The listing below must be returned in full and unchanged, without the images it carries.

Listed entries →
------------------------

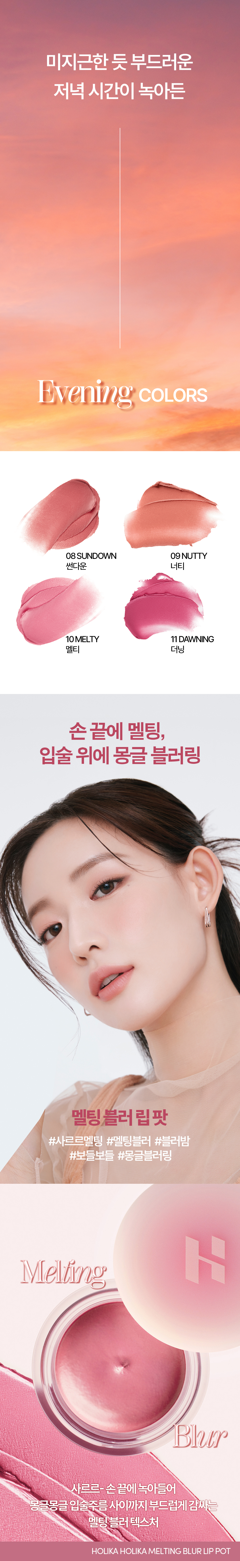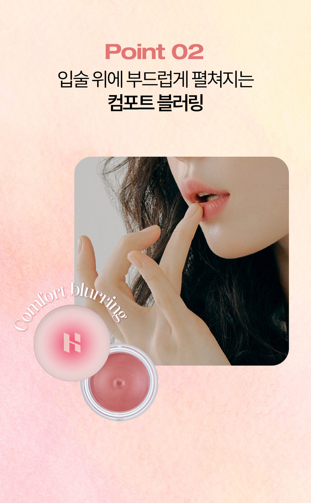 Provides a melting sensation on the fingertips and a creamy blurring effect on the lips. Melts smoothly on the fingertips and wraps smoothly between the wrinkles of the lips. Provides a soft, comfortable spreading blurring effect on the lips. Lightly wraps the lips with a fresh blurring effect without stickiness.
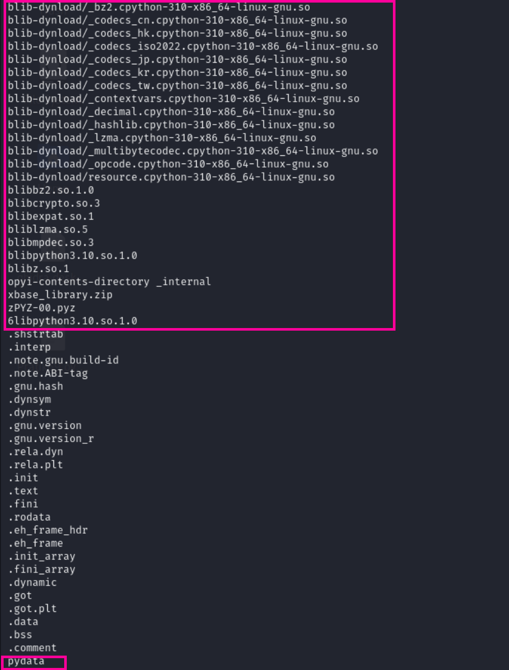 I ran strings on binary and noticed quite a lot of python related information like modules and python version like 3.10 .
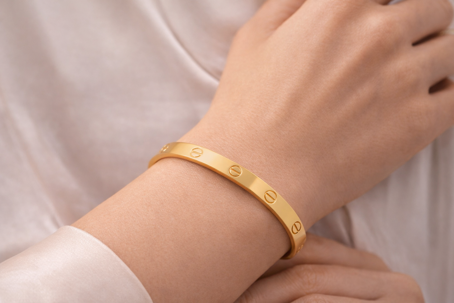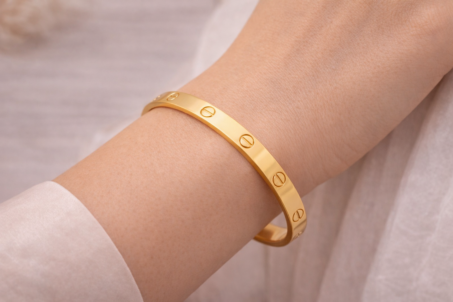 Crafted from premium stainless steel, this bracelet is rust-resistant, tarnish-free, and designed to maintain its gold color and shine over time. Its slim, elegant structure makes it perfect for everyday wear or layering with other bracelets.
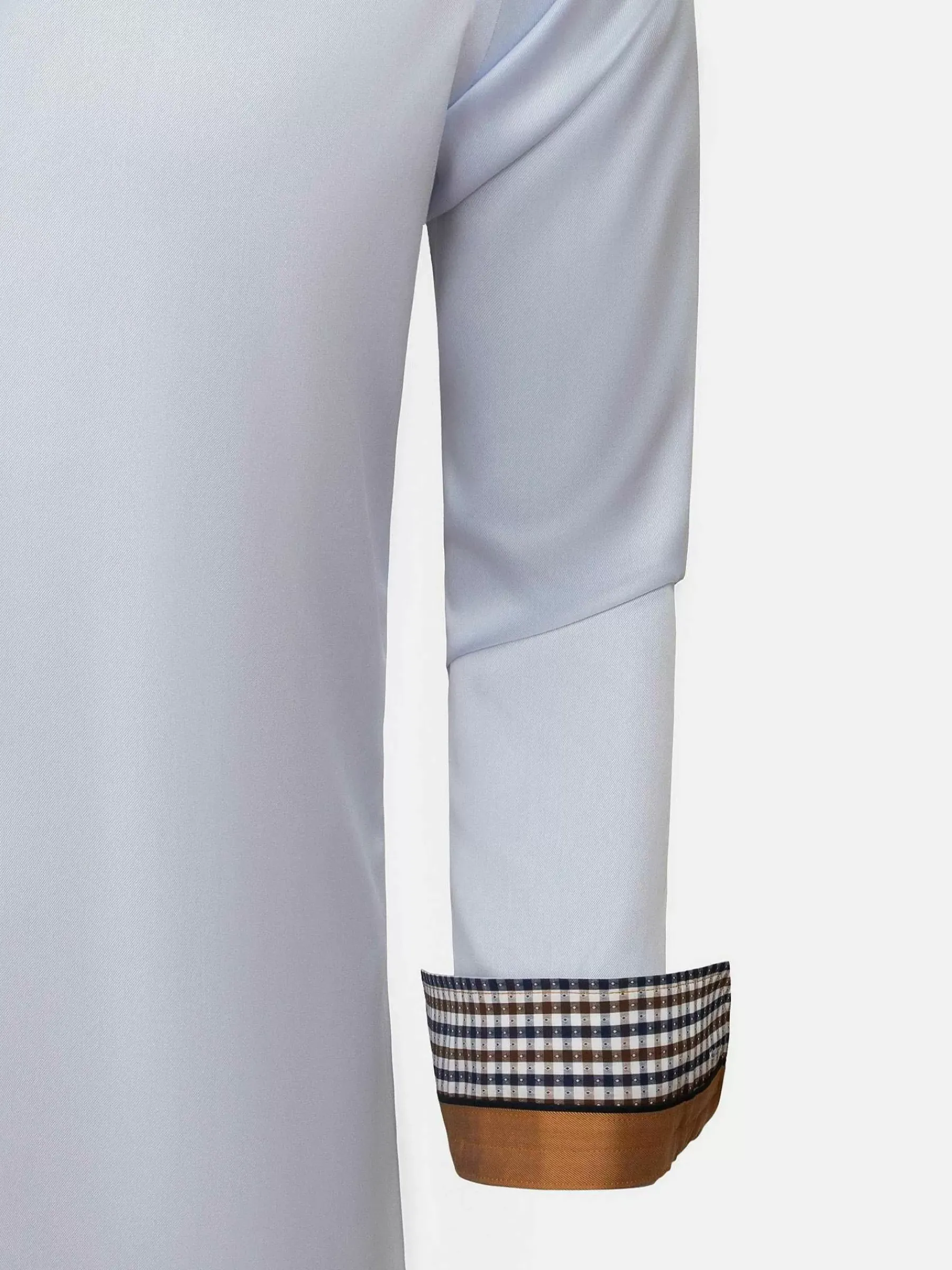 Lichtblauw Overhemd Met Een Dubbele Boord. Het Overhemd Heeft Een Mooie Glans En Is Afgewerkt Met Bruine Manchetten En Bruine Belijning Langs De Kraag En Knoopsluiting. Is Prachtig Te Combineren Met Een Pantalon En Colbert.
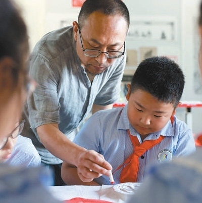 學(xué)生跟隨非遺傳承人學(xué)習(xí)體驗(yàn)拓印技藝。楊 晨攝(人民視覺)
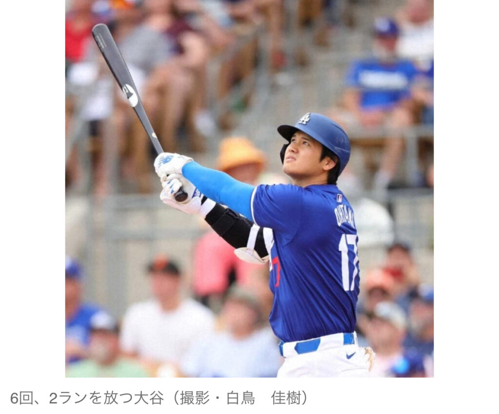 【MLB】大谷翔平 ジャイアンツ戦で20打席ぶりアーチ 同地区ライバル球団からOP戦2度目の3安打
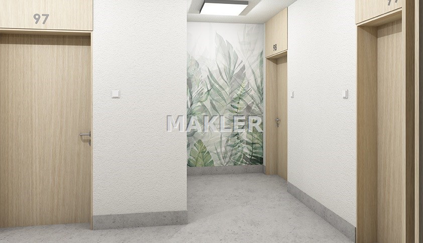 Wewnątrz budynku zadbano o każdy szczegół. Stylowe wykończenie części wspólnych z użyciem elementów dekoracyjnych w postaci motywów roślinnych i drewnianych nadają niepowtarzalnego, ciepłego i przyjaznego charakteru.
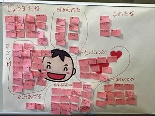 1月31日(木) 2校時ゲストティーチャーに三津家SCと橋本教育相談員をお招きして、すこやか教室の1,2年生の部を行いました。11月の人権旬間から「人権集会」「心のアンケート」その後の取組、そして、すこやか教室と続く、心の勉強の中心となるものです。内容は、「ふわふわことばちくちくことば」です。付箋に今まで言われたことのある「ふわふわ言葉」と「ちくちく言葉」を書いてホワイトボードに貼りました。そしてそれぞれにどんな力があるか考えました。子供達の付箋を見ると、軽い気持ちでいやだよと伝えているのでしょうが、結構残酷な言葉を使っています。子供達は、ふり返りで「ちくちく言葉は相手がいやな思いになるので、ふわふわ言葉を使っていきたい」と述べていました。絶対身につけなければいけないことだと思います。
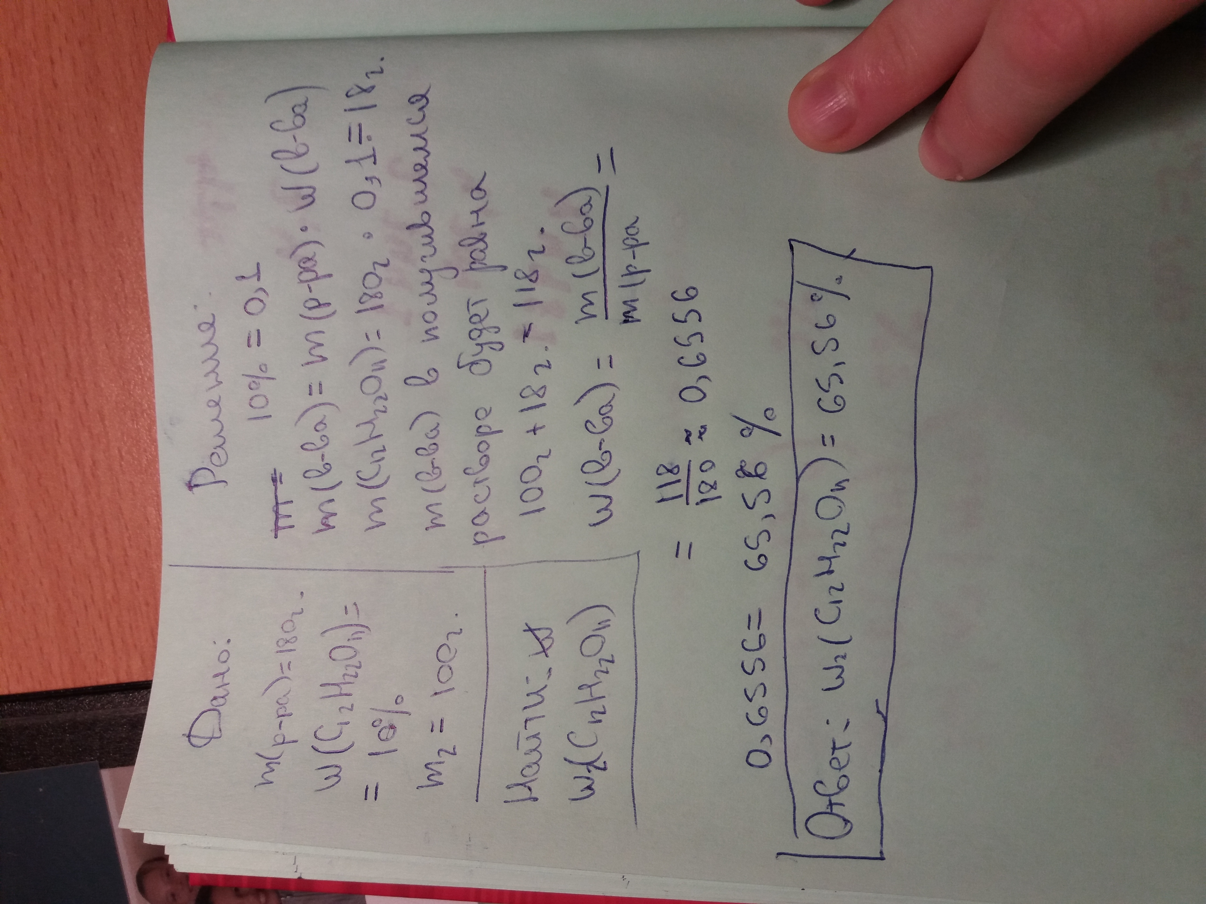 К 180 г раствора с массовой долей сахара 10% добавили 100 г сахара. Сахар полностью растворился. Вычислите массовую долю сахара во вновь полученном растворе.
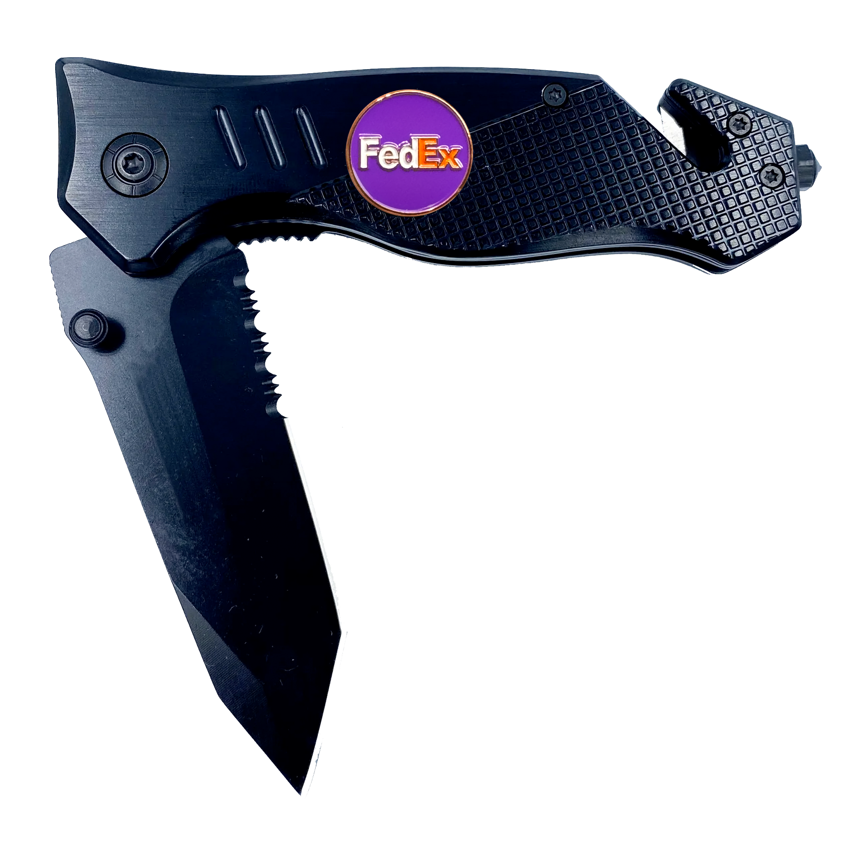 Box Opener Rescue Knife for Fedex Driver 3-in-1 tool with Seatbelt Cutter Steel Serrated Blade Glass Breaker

------------------------

Answer to the problem →
 Provides a melting sensation on the fingertips and a creamy blurring effect on the lips. Melts smoothly on the fingertips and wraps smoothly between the wrinkles of the lips. Provides a soft, comfortable spreading blurring effect on the lips. Lightly wraps the lips with a fresh blurring effect without stickiness.
 I ran strings on binary and noticed quite a lot of python related information like modules and python version like 3.10 .
 Crafted from premium stainless steel, this bracelet is rust-resistant, tarnish-free, and designed to maintain its gold color and shine over time. Its slim, elegant structure makes it perfect for everyday wear or layering with other bracelets.
 Lichtblauw Overhemd Met Een Dubbele Boord. Het Overhemd Heeft Een Mooie Glans En Is Afgewerkt Met Bruine Manchetten En Bruine Belijning Langs De Kraag En Knoopsluiting. Is Prachtig Te Combineren Met Een Pantalon En Colbert.
 學(xué)生跟隨非遺傳承人學(xué)習(xí)體驗(yàn)拓印技藝。楊 晨攝(人民視覺)
 【MLB】大谷翔平 ジャイアンツ戦で20打席ぶりアーチ 同地区ライバル球団からOP戦2度目の3安打
 Wewnątrz budynku zadbano o każdy szczegół. Stylowe wykończenie części wspólnych z użyciem elementów dekoracyjnych w postaci motywów roślinnych i drewnianych nadają niepowtarzalnego, ciepłego i przyjaznego charakteru.
 1月31日(木) 2校時ゲストティーチャーに三津家SCと橋本教育相談員をお招きして、すこやか教室の1,2年生の部を行いました。11月の人権旬間から「人権集会」「心のアンケート」その後の取組、そして、すこやか教室と続く、心の勉強の中心となるものです。内容は、「ふわふわことばちくちくことば」です。付箋に今まで言われたことのある「ふわふわ言葉」と「ちくちく言葉」を書いてホワイトボードに貼りました。そしてそれぞれにどんな力があるか考えました。子供達の付箋を見ると、軽い気持ちでいやだよと伝えているのでしょうが、結構残酷な言葉を使っています。子供達は、ふり返りで「ちくちく言葉は相手がいやな思いになるので、ふわふわ言葉を使っていきたい」と述べていました。絶対身につけなければいけないことだと思います。
 К 180 г раствора с массовой долей сахара 10% добавили 100 г сахара. Сахар полностью растворился. Вычислите массовую долю сахара во вновь полученном растворе.
 Box Opener Rescue Knife for Fedex Driver 3-in-1 tool with Seatbelt Cutter Steel Serrated Blade Glass Breaker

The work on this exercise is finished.